I’m importing data from a SQL table into an Azure Databricks dataframe by exporting it to a CSV file, saving it in Azure Blob Storage, and then loading it into the dataframe. Most records are imported correctly, but for a few, the RecordInsertedDate shows 2023-12-31 in both SQL and the CSV, yet appears as NULL in the dataframe.
Could someone help me understand why this happens? Also, is there a simpler way to import data directly from a SQL table into a dataframe? Here’s the code I’m using:
from pyspark.sql.functions import month, year, current_date, col
g5_df1 = spark. read. format ("csv")
option ("header", "true") option ("inferSchema", "true") load ("dbfs:/mnt/userspace/test/output/a.csv")
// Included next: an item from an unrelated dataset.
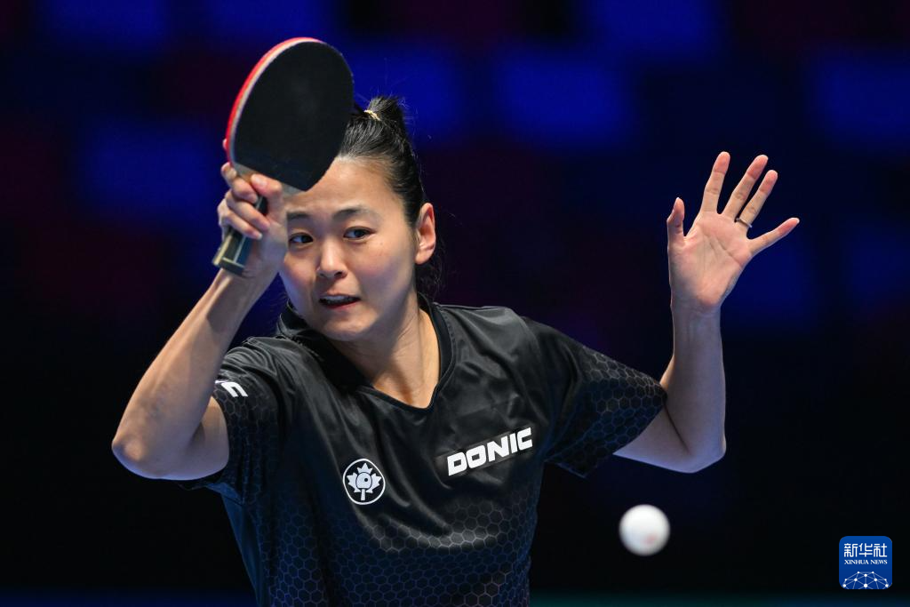 3月30日,加拿大选手张默在女子单打小组赛中回球。最终,她2比3不敌日本选手伊藤美诚。
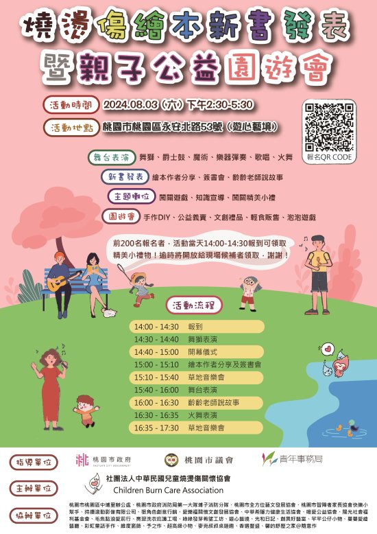 主旨:函轉社團法人中華民國兒童燒燙傷關懷協會訂於113年8月 3日辦理「燒燙傷繪本新書發表暨親子公益園遊會」活 動,請查照。

g5_df1.createOrReplaceTempView("g5_df1")
gs_df1.display()
from pyspark.sql.functions import month, year, current_date, col gs_df1 = spark.read.format(“csv”)
.option(“header”, “true”)
.option(“inferSchema”, “true”) .load(“dbfs:/mnt/userspace/test/output/a.csv”)
#gs_df1.createOrReplaceTempView(“gs_df1”)
gs_df1.display()
3
You can directly read the data from you SQL tables and Load into dataframe and create temporary table.
I have tried the below approach:
from pyspark.sql import SparkSession
import datetime
from multiprocessing import Process
jdbcHostname = "<your SQL SERVER>"
jdbcPort = 1433
jdbcDatabase = "db02"
jdbcUrl = f"jdbc:sqlserver://{jdbcHostname}:{jdbcPort};database={jdbcDatabase}"
connectionProperties = {
"user": "admin02",
"password": "Welcome@1"
}
dilip_df = spark.read.jdbc(url=jdbcUrl, table="SampleTable", properties=connectionProperties)
display(dilip_df)
Results:
ID Name RecordInsertedDate
1 Sample Name 1 2023-12-31
2 Sample Name 2 2023-12-31
Creating a temporary view:
dilip_df.createOrReplaceTempView("temp_sample_table")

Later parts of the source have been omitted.